The plot is contrived, the characters one-dimensional, the predicaments predictable. Crichton has an unerring instinct for cliche: Sarah and Jennifer, for instance, find themselves tied to stakes while dark-hued South Pacific cannibals salivate and pound their tom-toms; he’s even tossed in a man-eating crocodile. But none of this matters.
For Crichton, the novel is politics by other means. He reserves his real passion for set pieces of dialogue in which he argues against fashionable nostrums that have lodged themselves in the popular imagination. He is appalled by the mumbo-jumbo that opens liberal Hollywood’s wallet to do-gooder causes on the basis of science that is hostage to political correctness. He writes sneeringly and contemptuously of those romantic idealists who would swallow wholesale the snake oil of liberal delusions and dubious science sold by modern hucksters.
All this is made plain in numerous footnotes and charts that spice the text and in two eloquent and impassioned appendices and a useful bibliographic essay of the more than 150 books and studies he consulted to write this book.
In the history of popular literature, it has usually been those on the left who have sought in the novel an instrument to gain a wide readership for their causes. Think of the works of Jack London (“The Iron Heel”), Upton Sinclair (“The Jungle”), John Steinbeck (“The Grapes of Wrath”). More recent examples include E.L. Doctorow (“Ragtime”), John le Carre (“The Constant Gardener”) and Barbara Kingsolver (“The Poisonwood Bible”).

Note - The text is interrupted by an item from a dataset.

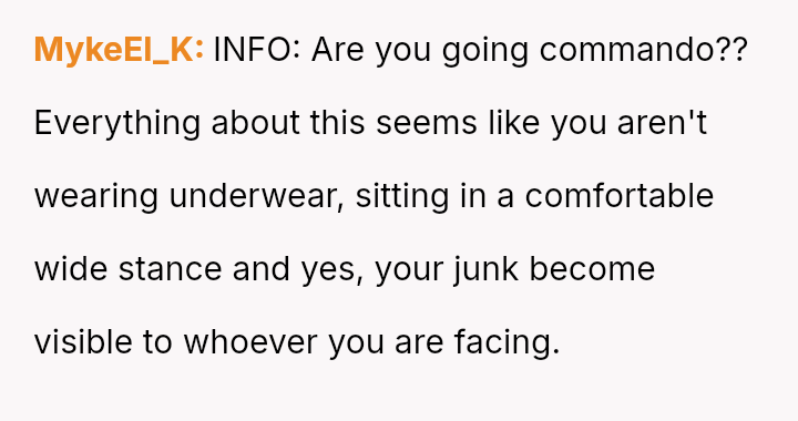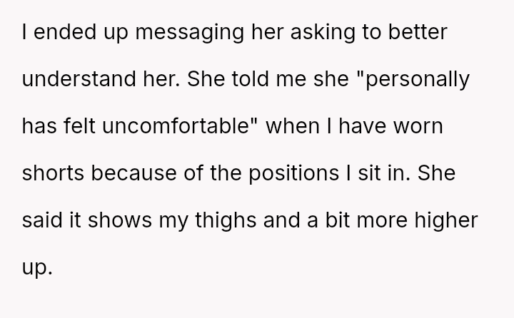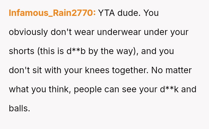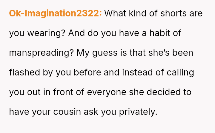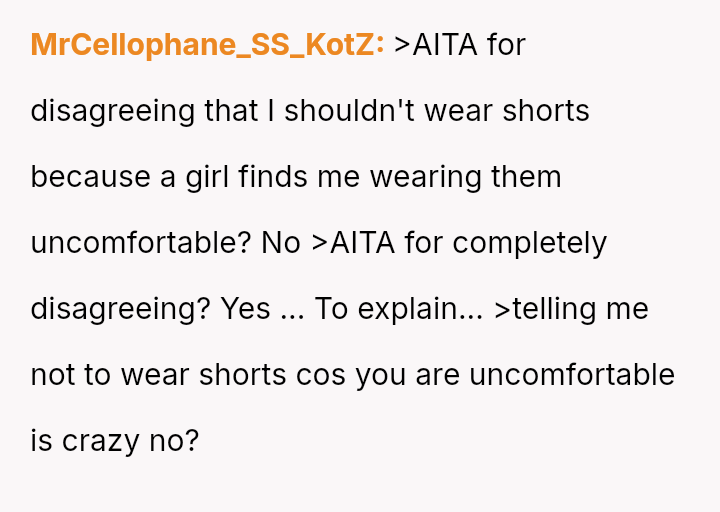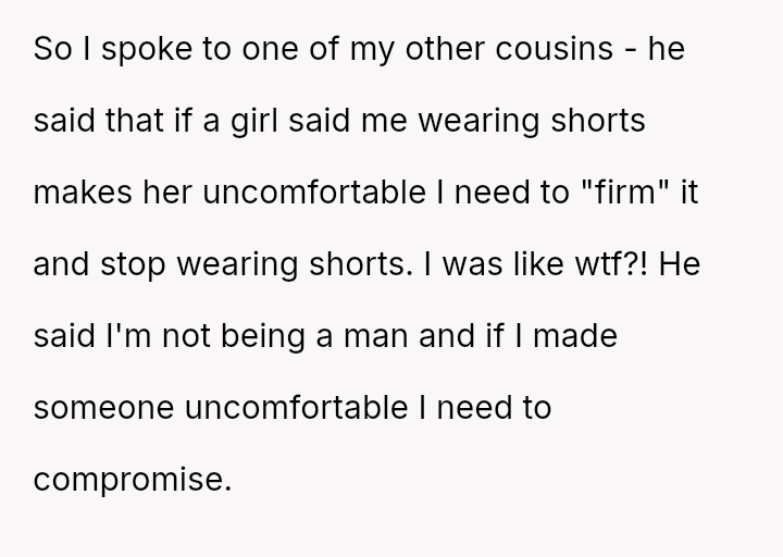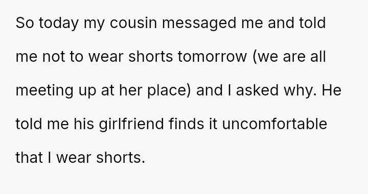 The original poster (OP) faces a conflict between maintaining a lifelong habit of wearing shorts and accommodating a cousin's girlfriend's stated discomfort with how the OP sits while wearing them.

Now comes Michael Crichton offering a screed against the received wisdom of Rachel Carson’s fear-mongering progeny and the manic exaggeration that he argues has been her most pernicious legacy more than 40 years after the publication of “Silent Spring.” Whatever his literary aspiration, Crichton’s real genius is to have written the first neo-con novel. Inside this bloated 600-page book is a fierce and compelling Op-Ed piece desperate to get out.
Steve Wasserman is Book Editor of The Times.